Example 2 relates to a radial reactor stack implemented in a plasma reactor. To better exemplify reference is made to figure 13, which shows a cross-sectional view of a fixed bed plasma reactor (110) for the conversion of CO2 gas. A carbon (101) is added to a processing chamber (102) as a fixed bed, which is positioned downstream to multiple reactor modules (103) arranged in a radial reactor stack (109). The nonreactor modules (103) comprise plasma jet generators that are based on a gliding arc plasma technology, where the multiple gliding arcs are operating in parallel in the reactor stack.

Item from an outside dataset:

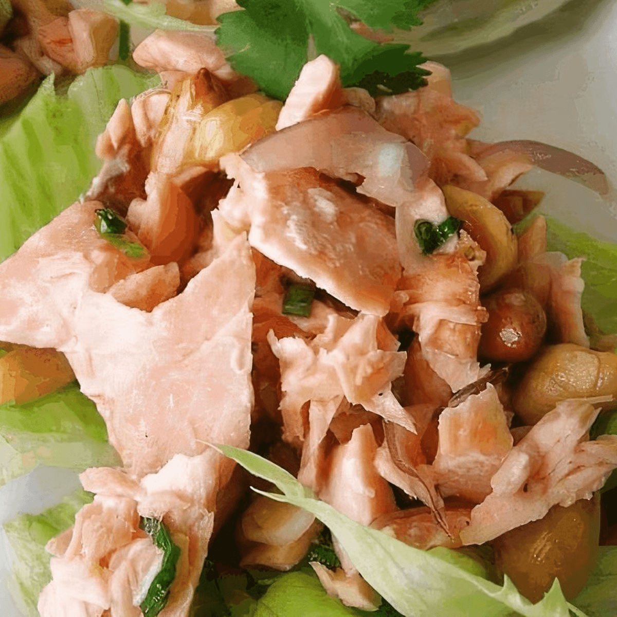 Pan-fried salmon chopped and mixed with peanuts, shallots and ginger, in homemade sauce. Served on fresh lettuce

A process gas comprising CO2 (104) is provided through a gas inlet (106) to the plasma jet generators (103) via a pressure chamber (105). A plasma is ignited in the process gas (104), thereby obtaining a plasma jet comprising CO and O species. The afterglow of the plasma jet is introduced in the processing chamber (102) comprising the carbon bed (101). A product gas (107) is formed comprising decomposition products, which are mainly CO.

The product gas (107) is extracted from the processing chamber (102) through a gas outlet (108). Example 4: Interchangeable outlet nozzles

The inventors equipped the reactor modules of a reactor stack with interchangeable outlet nozzles. To better exemplify reference is made to figure 14, which shows reactor modules of a reactor stack provided with interchangeable outlet nozzles of 7 mm (200a), 12 mm (200b), and 18 mm (200c), and figure 15, which shows a CFD simulation of the reactor stack shown in figure 14.

Figure 14 shows a reactor stack comprising four reactor modules, wherein three reaction chambers are provided with interchangeable outlet nozzles (200). There are three of 7 mm (200a), 12 mm (200b), and 18 mm (200c). The fourth reactor module has no outlet nozzle.

The inventors have found that by equipping the reactor modules of a reactor stack with interchangeable outlet nozzles a reverse-vortex flow pattern is formed, as sown figure 15. The high flow velocity (50 m/s) also suggests strong rotation and ability to center and stabilize the plasma.

A pilot reactor stack of 4 reactor modules was built and tested. The reactor modules were powered by 4 1-kW high voltage generators with PWM current control, totaling for 4kW of combined power. The system was subjected to test the CO2 to CO conversion, yielding the following results:

The present invention is in no way limited to the embodiments described in the examples and/or shown in the figures. On the contrary, methods according to the present invention may be realized in many different ways without departing from the scope of the invention.